Texture from You are Lucy

Texture from You are Lucy

Depth map (just a slightly blurred version of the texture)

Depth map (just a slightly blurred version of the texture)

1 bitplane texture used in Makt

1 bitplane texture used in Makt

In action!

Aaaand action!

Other tech stuff:

  • The dataset consists of one picture (256×256 x 1bpl) and around 80 vertices for the bobs.
  • The bobs are pre-sorted and never switch drawing order
  • The depth transforms are done in two stages:
    • Regular projection (makes the face turn slightly as it moves around the screen).
    • A Face Dragging Vector for more brutal mimicry (e.g. when it gets stretched and torn apart).
  • As far as I remember there’s no animation of the texture coordinates at all. It could probably have been used for more interesting distortion and stretching.
  • Like in several of the other parts the blitter only clears every 2nd line of the current framebuffer. This adds a nice little messy trail of pixels after the bobs and also helps hide some of the glitches where they don’t overlap.

Wobbly Intestine

Pretty much the same effect as the face, just with a larger texture and more bobs (higher density and larger object). The intention here was to take it a bit slower & more majestic to give the idea that it miiight be the last effect already.

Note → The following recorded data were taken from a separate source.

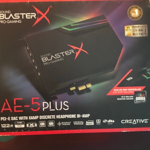 Creative Sound Blaster Audigy 2 ZS ljudkort med flera ljudutgångar och ingångar. Kortet är avsett för installation i dator och används för att förbättra ljudkvaliteten vid uppspelning och inspelning. Den har legat och slängt i några år, jag har inget sätt att kontrollera det, jag tror att den borde fungera utan problem.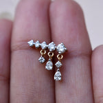 Round & Pear Dangling Drilled Diamond Tassel Hoops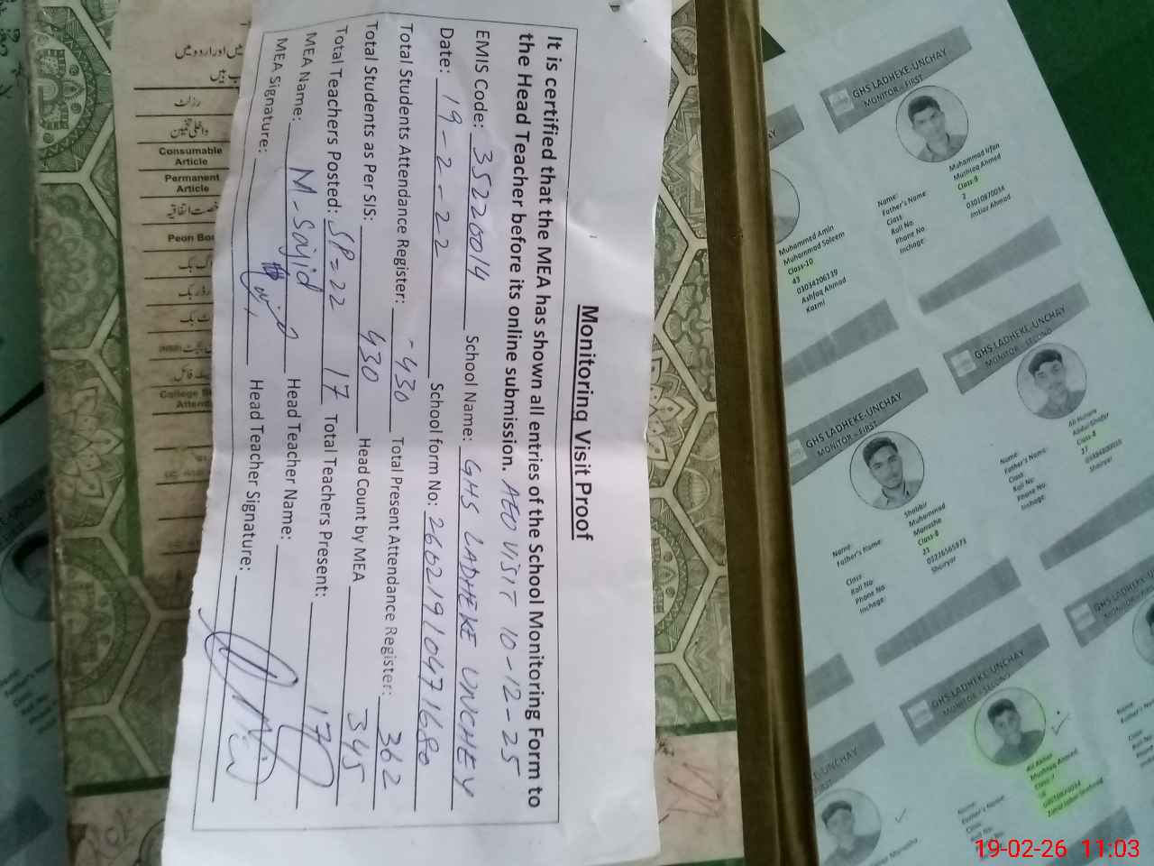 | Attendance Register | Head Teacher | MEA with School | Visit Proof |

The waving and pulsating is just a simple sine-distortion. I had originally planned a much more interesting twist here (no, not actual twisting) but I got a bit short on time (and also noticed that I was already quite close to dropping below 25 fps as it was).
Due to the higher number of bobs this was the only part where I had to do any culling prior to the actual plotting stage in order to (mostly) reach 25 fps. The quick zoom-out before the waving begins drops down to every 3rd frame though (e.g. 16.6 fps).

Warped cubes

This is all done by changing the texture coordinates and there’s no movement of the actual bobs themselves except for a randomized 0-7 pixels jitter (which adds a *lot* to the final look though!)
The deformation is just the standard thing you’d do for a grid expander: scaling the texture coordinates based on the bobs distance from a given point (mainly the center of the screen because I’m old). However, since we’re just offsetting the textures per-bob rather than stretching them it looks a bit rawer and less generic. It just becomes a mess if you distort too much of course, so we try to avoid that.

The patterned cube is rendered into a 96×96 bitplane buffer which is then used as the source texture for the bobs. The cube drawing is really naive and inefficient but I never got around to optimizing it. That would’ve enabled for a fair bit more bobs on screen but as the effect still looked ok it wasn’t a major priority.


This was a bit more fun and, together with the Skull, one of the few effects to use animated bob masks and multiple textures.
The idea is simple enough though: just adapt a normal “endless zoomer” effect to stencil-bob rendering:

  1. “Pre-generate several images of the same motive with different zoom levels.” In the demo there’s 4 badly looping ones.
  2. “Zoom a bit on one image.” Here done simply by applying a uniform scale to all the texture coordinates, while the bobs themselves don’t move at all. Obviously we’re just sliding different bits of the underlying image around, but at scaling factors in the range of 0.7 – 1.3 it looks decent.
  3. “Blend between two images at different zoom levels.” Which we did by jittering in more and more pixels from the next image, while removing the bobs using the previous texture.

As it would’ve been too slow to draw all the bobs for both images at the same time we just jittered in 8 at the time. E.g. for a given zoom factor you have:
– Draw X bobs with texture 0
– Draw 80-8-X bobs with texture 1
– Draw 8 bobs with texture 1, using masks with increasing amounts of pixels.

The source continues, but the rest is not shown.